Email Domain Validation#

# Email must be from company domain
validator.add_rule(
    ValidationRule('email')
        .add_check(CELCheck(
            expression='value.endsWith("@company.com")',
            error_message='Email must be from company domain'
        ))
)

Status Validation#

# Status must be one of allowed values
validator.add_rule(
    ValidationRule('status')
        .add_check(CELCheck(
            expression='value in ["Active", "Pending", "Approved"]',
            error_message='Invalid status value'
        ))
)

Combining with Other Checks#

CEL checks can be combined with other validation checks:

from wxdi.dq_validator import CompletenessCheck, RangeCheck

validator.add_rule(
    ValidationRule('salary')
        .add_check(CompletenessCheck())  # Must not be null
        .add_check(RangeCheck(min_value=0, max_value=1000000))  # Range check
        .add_check(CELCheck('value > record.min_salary'))  # CEL check
)

Error Handling#

Compilation Errors#

CEL expressions are compiled at initialization. If an expression has syntax errors, a CELCompilationError is raised immediately:

from wxdi.dq_validator.cel_exceptions import CELCompilationError

try:
    check = CELCheck('value >')  # Incomplete expression
except CELCompilationError as e:
    print(f"Invalid CEL expression: {e}")

Runtime Errors#

If an error occurs during evaluation (e.g., type mismatch, null reference), the check returns a ValidationError rather than raising an exception:

# This will handle null values gracefully
check = CELCheck('value != null')

# Validation will return an error if evaluation fails
error = check.validate(None, context)
if error:
    print(error.message)

Best Practices#

  1. Keep Expressions Simple

    • Prefer simple, readable expressions over complex nested logic

    • Break complex rules into multiple checks when possible

  2. Use Descriptive Error Messages

    CELCheck(
        expression='value > 0',
        error_message='Salary must be a positive number'
    )
    
  3. Test Expressions with Sample Data

    • Verify expressions work with your actual data before deployment

    • Test edge cases (null values, boundary conditions)

  4. Consider Performance

    • CEL expressions are compiled once and reused

    • Evaluation is very fast (~10-100 microseconds per record)

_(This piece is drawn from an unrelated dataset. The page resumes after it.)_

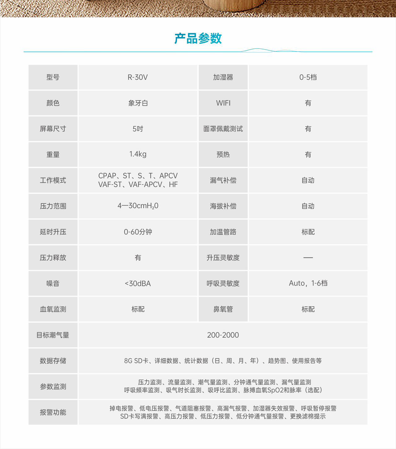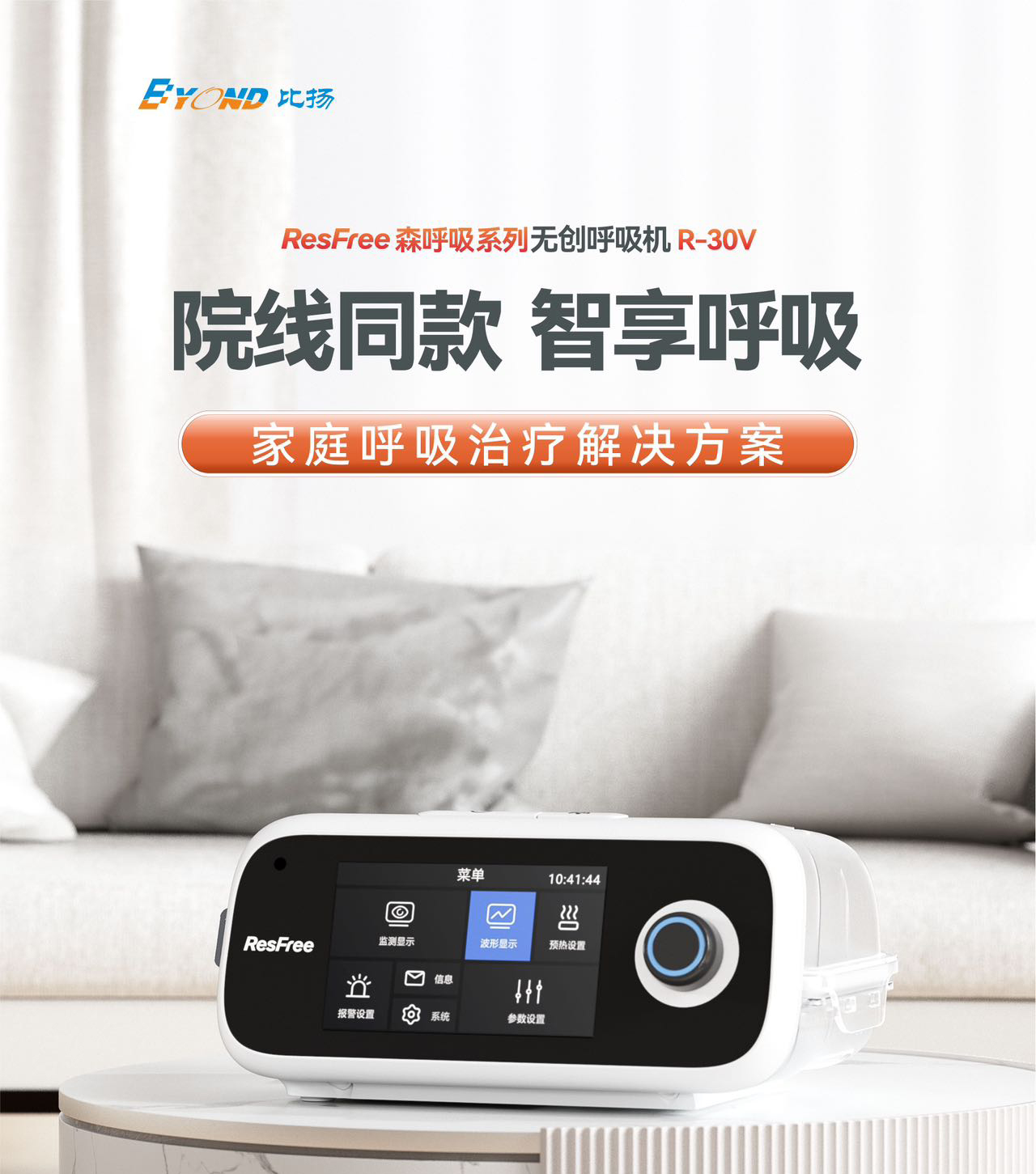 比扬森呼吸R-30V是一款家用肺病呼吸机,压力范围:4-30cmH2O,云端互联,标配血氧模块,标配加温管路,高流量模式一机两用。

    • Suitable for high-throughput validation

  5. Document Complex Logic

    # Senior employees (age > 40) must earn at least $80,000
    # Junior employees must earn at least $50,000
    CELCheck(
        expression='record.age > 40 ? value >= 80000 : value >= 50000',
        description='Age-based salary requirements'
    )
    

Integration with DataFrames#

CEL checks work seamlessly with both Pandas and Spark DataFrames:

Pandas Integration#

from wxdi.dq_validator import PandasValidator
import pandas as pd

# Create DataFrame
df = pd.DataFrame({
    'emp_id': [1001, 1002],
    'salary': [75000, 85000],
    'min_salary': [60000, 70000]
})

# Validate with CEL
validator = PandasValidator(metadata)
validator.add_rule(
    ValidationRule('salary')
        .add_check(CELCheck('value > record.min_salary'))
)

results = validator.validate(df)

Spark Integration#

from wxdi.dq_validator import SparkValidator
from pyspark.sql import SparkSession

# Create Spark DataFrame
spark = SparkSession.builder.getOrCreate()
df = spark.createDataFrame([
    (1001, 75000, 60000),
    (1002, 85000, 70000)
], ['emp_id', 'salary', 'min_salary'])

# Validate with CEL
validator = SparkValidator(metadata)
validator.add_rule(
    ValidationRule('salary')
        .add_check(CELCheck('value > record.min_salary'))
)

results = validator.validate(df)

Limitations#

  1. Non-Turing Complete

    • CEL does not support loops or recursion

    • Cannot define custom functions

    • This is by design for security and performance

  2. Expression Length

    • Maximum expression length: 1000 characters

    • This prevents abuse and ensures reasonable performance

  3. Type Safety

    • CEL expressions must return boolean values

    • Type mismatches are caught at runtime and reported as validation errors

  4. No Side Effects

    • CEL expressions cannot modify data

    • They can only read values and return boolean results

API Reference#

CELCheck Class#

class CELCheck(BaseCheck):
    def __init__(
        self,
        expression: str,
        error_message: Optional[str] = None,
        dimension: DataQualityDimension = DataQualityDimension.VALIDITY,
        description: Optional[str] = None
    )

Parameters:

  • expression (str): CEL expression that must evaluate to boolean

  • error_message (str, optional): Custom error message for validation failures

  • dimension (DataQualityDimension, optional): Data quality dimension (default: VALIDITY)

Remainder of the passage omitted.